TEMPO.CO, Jakarta - Direktur Eksekutif Lembaga Studi dan Advokasi Masyarakat (Elsam) Wahyu Wagiman mengkritik langkah Kementerian Dalam Negeri (Kemendagri) memberikan akses data kependudukan kepada 13 lembaga keuangan. Data itu rentan disalahgunakan oleh pihak lain.

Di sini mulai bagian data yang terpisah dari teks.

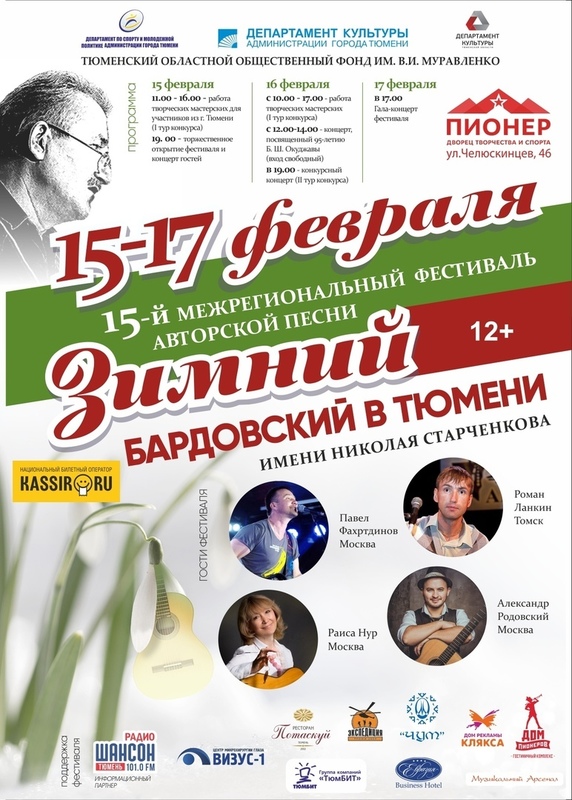 Во Дворце творчества и спорта «Пионер» встретятся участники двух возрастных категорий – до 18 и от 18 лет и старше. Конкурсанты выступят по следующим номинациям: «Исполнители песен (самостоятельный аккомпанемент; в сопровождении аккомпаниатора), «Авторы-исполнители (автор музыки и слов, автор музыки, автор слов), «Дуэты и ансамбли», «Поэзия (в конкурсе принимают участие авторы стихов, пишущие на русском языке), «Мастер» (для лауреатов всероссийских фестивалей авторской песни, профессиональных исполнителей), «Юность комсомольская моя» (песни, посвященные 100-летию Тюменского комсомола).

"Ada catatan besar ketika Kemendagri memberikan data-data pribadi warga negara kepada lembaga keuangan. Data kependudukan itu menyangkut profil lengkap warga negara yang rentan disalahgunakan oleh pihak-pihak yang tidak bertanggungjawab," kata Wahyu saat dihubungi, Sabtu 13 Juni 2020.
Wahyu mengatakan tidak menutup kemungkinan data-data itu digunakan oleh pihak ketiga untuk kepentingannya, tanpa ada izin dan sepengetahuan pemilik data. Penyalahgunaan itu bisa jadi masuknya iklan-iklan yang tidak diinginkan pemilik data, bahkan disalahgunakan untuk melakukan transaksi atas nama pemilik data kependudukan.
Kemendagri, ujar Wahyu, sebagai penanggungjawab dalam pengelolaan data kependudukan seharusnya memikirkan dampak-dampak tadi sebelum mengambil kebijakan kerjasama dengan 13 lembaga keuangan itu. Kasus-kasus peretasan data pribadi, seharusnya bisa dijadikan rujukan.
"Seharusnya Kemendagri mempertimbangkan potensi dampak yang akan dialami dan ditanggung warga negara ketika data kependudukan tersebar kepada pihak ketiga."
Direktorat Jenderal Kependudukan dan Catatan Sipil Kemendagri sebelumnya menandatangani kerja sama pemanfaatan akses data kependudukan bersama 13 lembaga keuangan perbankan dan non-perbankan. Dirjen Dukcapil Kemendagri, Zudan Arif Fakrullah mengatakan lembaga-lembaga itu wajib memberikan dan menjaga kerahasiaan data nasabah. Data-data itu yang kemudian dicocokkan dengan data Dukcapil.
"Oleh karena itu di ujung akhirnya adalah setiap lembaga pengguna wajib memberikan perlindungan dan menjaga kerahasiaan data dan dokumen kependudukan yang diakses oleh berbagai lembaga itu," ujar Zudan dalam keterangan tertulis, Kamis, 11 Juni 2020.
Zudan mengklaim tidak sembarang lembaga dapat mengajukan kerja sama pemanfaaaan akses data kependudukan ini. Ia mengatakan ada sejumlah syarat yang harus dipenuhi, termasuk legalitas perusahaan, rekomendasi dan persetujuan dari Otoritas Jasa Keuangan, dan lainnya yang telah diatur dalam undang-undang.